ロベルト・ロッセリーニ『無防備都市』(原題)Roma città aperta(1945)

本作は第2次世界大戦末期、同盟国でありながらイタリアに侵攻したナチスドイツに抵抗するレジスタンスの戦いを描いたイタリア・ネオネアリズモの原点ともいえる記念碑的作品である。

本作をはじめて見たのは東京で働いていたときである。ロベルト・ロッセリーニ(1906〜1977)の連続上映があり、何本かまとめて見ている。記憶は定かではないけれど、『無防備都市』(1945)『戦火のかなた』(1946)『ドイツ零年』(1948)『ストロンボリ、神の土地』(1950)『イタリア旅行』(1954)だったろうか。その数年後、『神の道化師、フランチェスコ』(1950)を鑑賞している。

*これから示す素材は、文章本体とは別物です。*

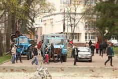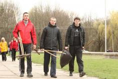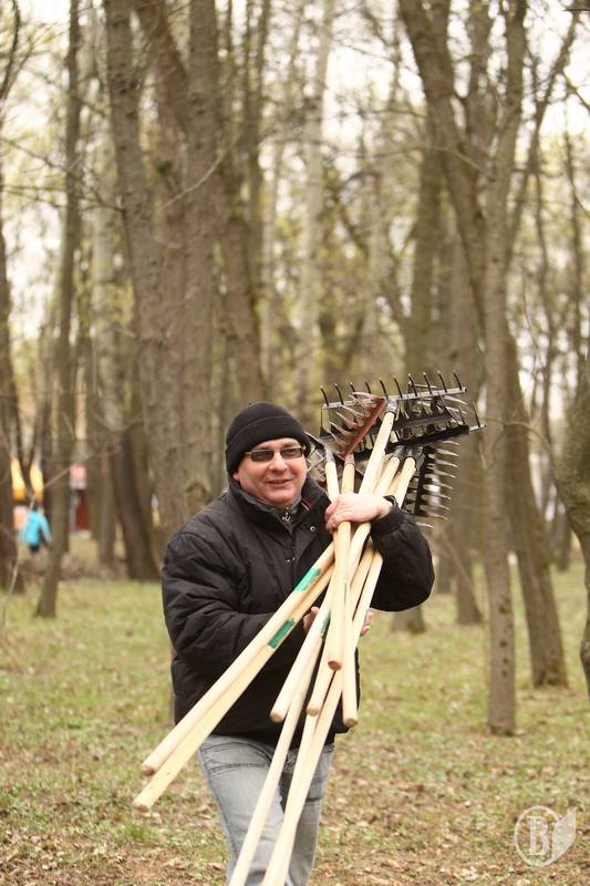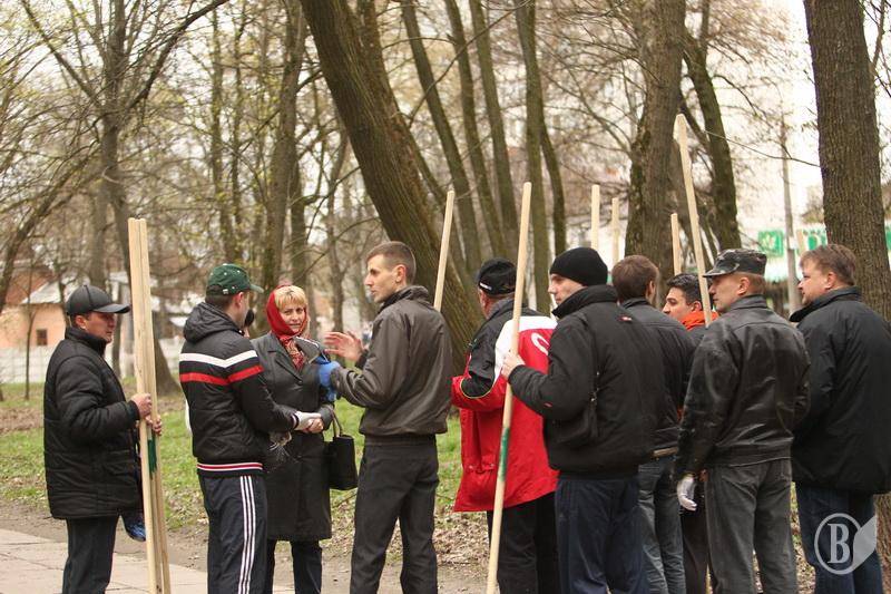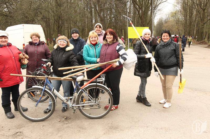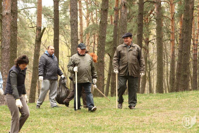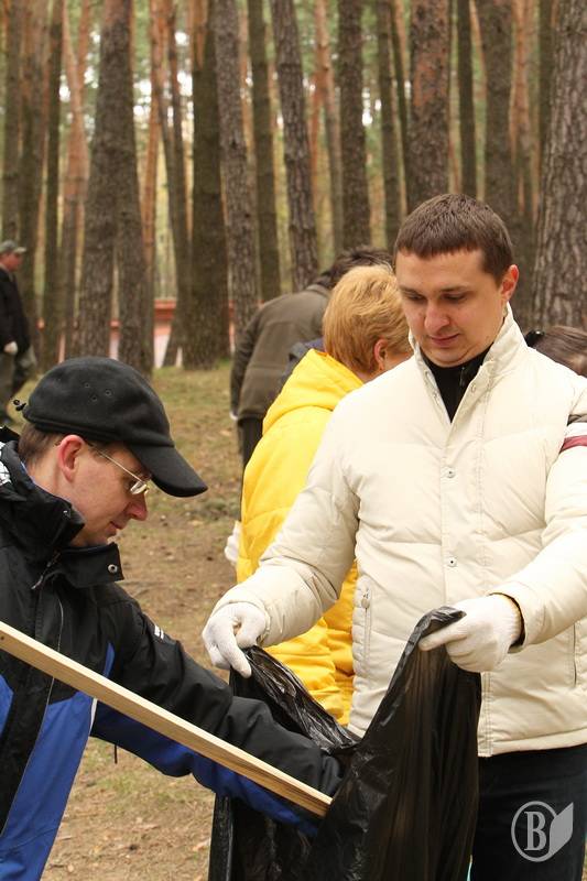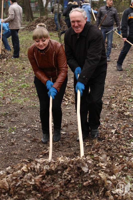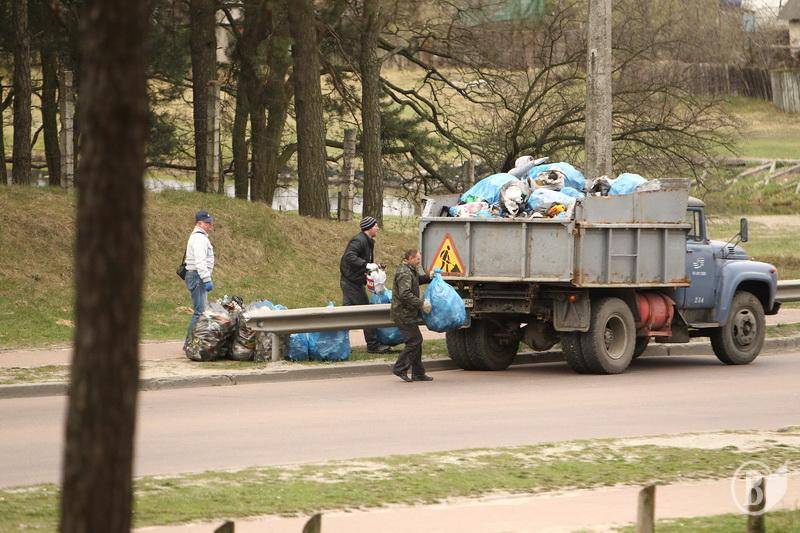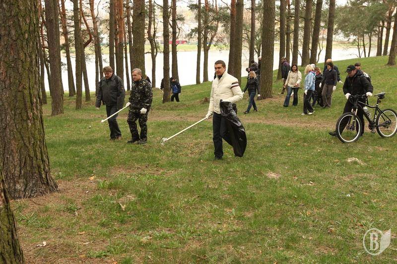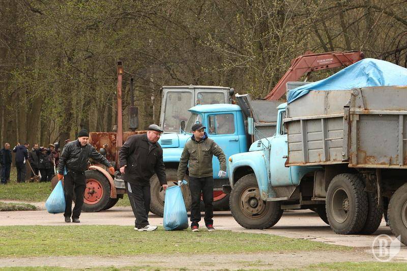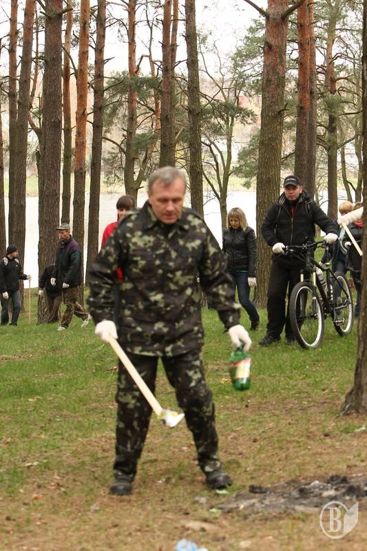 В кадрі – багато чиновників, керівників міста і області, активістів політичних партій, депутатів. Прибиральники працюють групами. Десятки пакетів зі скляними і пластиковими пляшками та різним мотлохом.

『無防備都市』では死の簡潔性に、『ストロンボリ、神の土地』『イタリア旅行』では神の奇跡の簡潔性に驚いた。簡潔性とは、ドキュメンタリー性、即時性、と言ってもよい。これはロッセリーニによる神学的修辞であるように思えた。『神の道化師、フランチェスコ』では、聖人フランチェスコの歌って踊る姿に奇跡の享楽性・ユーモアを見ることができた。ロッセリーニはカソリック的映画作家なのだと、そのとき理解した。

映画史におけるロッセリーニは綺羅星の如く輝くの存在だが、興味深いことに、人生としては不遇でもあった。その最大の不遇とは、イングリット・バーグマン(1915〜1982)の出現である。

スェーデンで俳優としてのキャリアを始め、アメリカで栄華をきわめたバーグマン。彼女はアメリカでロッセリーニの映画と出会い、密かにロッセリーニに心を寄せる。そして想いあまり、ロッセリーニに英文の手紙を送る。手紙の中で、彼女は『戦火のかなた』の素晴らしさを吐露し、あなたと一緒に仕事をしたい旨を述べる。そして、手紙の最後にこう記する。

わたしはイタリア語を知りません。
知っているのは、Ti amo. ただこれだけです。

「Ti amo.」の意味は、「あなたを愛しています」。
知っているイタリア語は愛の表現だけだと。この短い言葉に、バーグマンの、ロッセリーニに対する気持ちが集約されている。なんという愛の演出。これほどまでに簡潔な愛の表現を、わたしは知らない。

マイケル・カーティス『カサブランカ』(1942)ハンフリー・ボガードと(写真:ナタリー)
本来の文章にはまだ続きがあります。